I'd probably start thinking about curtailing that financial support, but I don't think that's the answer either, as long as you are able to do it. I take it you don't live nearby? The best answer for this kind of stuff is actual talking in person (which you have tried to do, the talking anyway).

So, then what. I guess I'd be quiet for a while longer and see if she comes around.

I have a similar but different thing with my niece, the difference being that I'm clear she loves me and I know I love her. She's a luddite, almost fully anti computer, and only texts. She calls me once in a while, I miss the call, call her back, and poof, she doesn't get back. But I know her life and there's a lot of scattering in it. On my end, I live with low money and my cell phone arrangement doesn't include text (lowest possible service). Making calls on it is clumsy for me, but that's the phone I use when I call her... the problem there being that I don't know when is a good time, but I should call more often anyway. We're both the same on letting it go a bit. My regular comfortable phone has higher charges, which add up with a nice long conversation. So, time goes by.

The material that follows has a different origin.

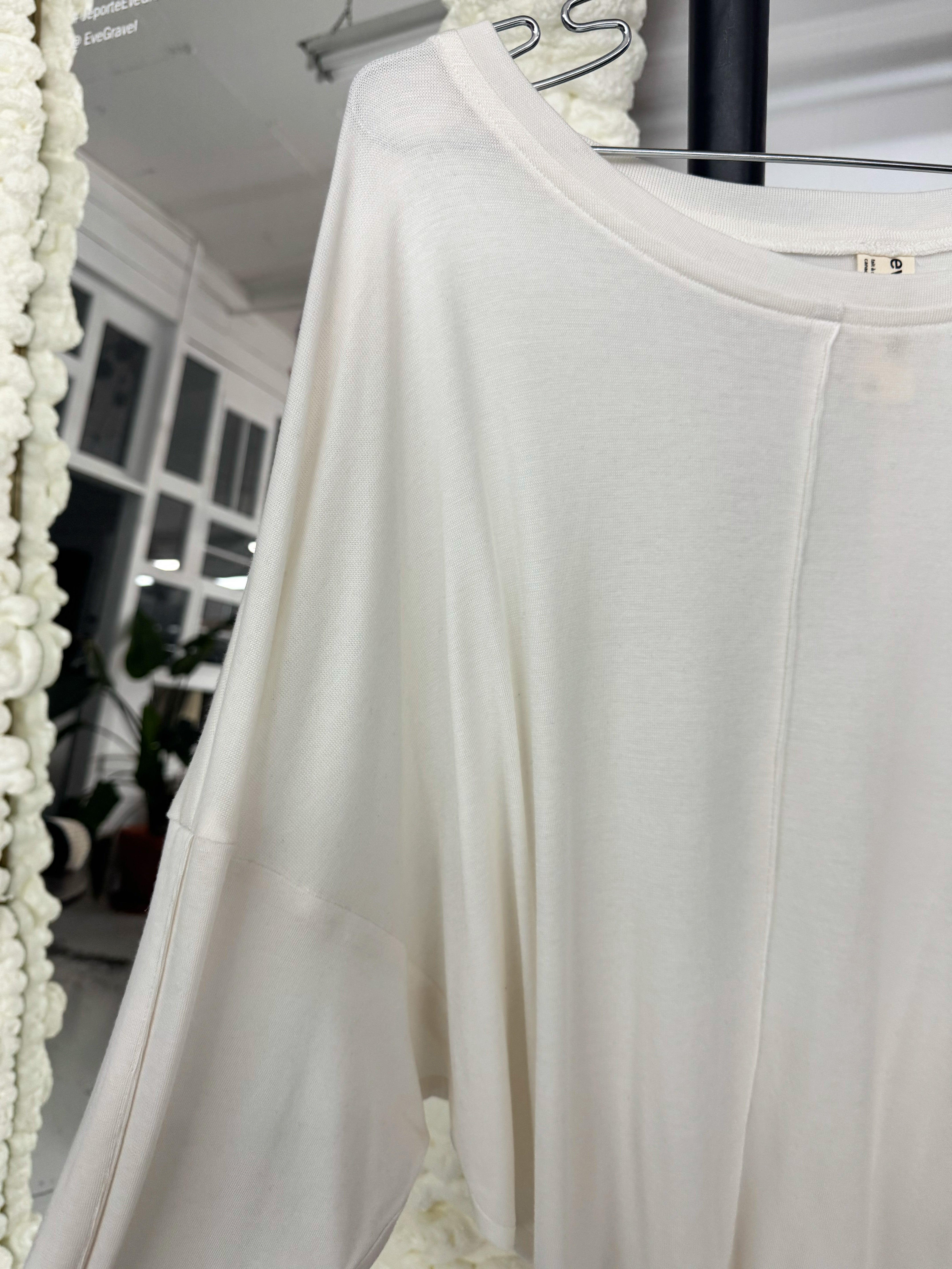Ce top fait partie de notre collection "basics" avec un col rond des manches longues et une coupe légèrement loose pour un confort optimal. Ses détails de nervure au centre devant et sur le dessus des manches ajoutent une touche subtile et raffinée. Confectionné dans un mélange de laine et de lyocell le tissu est d'une douceur incomparable alliant confort et qualité exceptionnelle. Le tout dans un tissu Pealess assurant une durabilité inégalée.

However, when I see her (it's been a year and a half now, she lives in California) or when we do finally talk, there is no difference, we are still go-to people to each other - which is its own quandary maker, as when we do connect, we want a long talk, thus the time finding.

I know an answer for me - I should write a nice long letter, print it, put it with a card, which she tends to save, and mail it, and then she'll call me when convenient.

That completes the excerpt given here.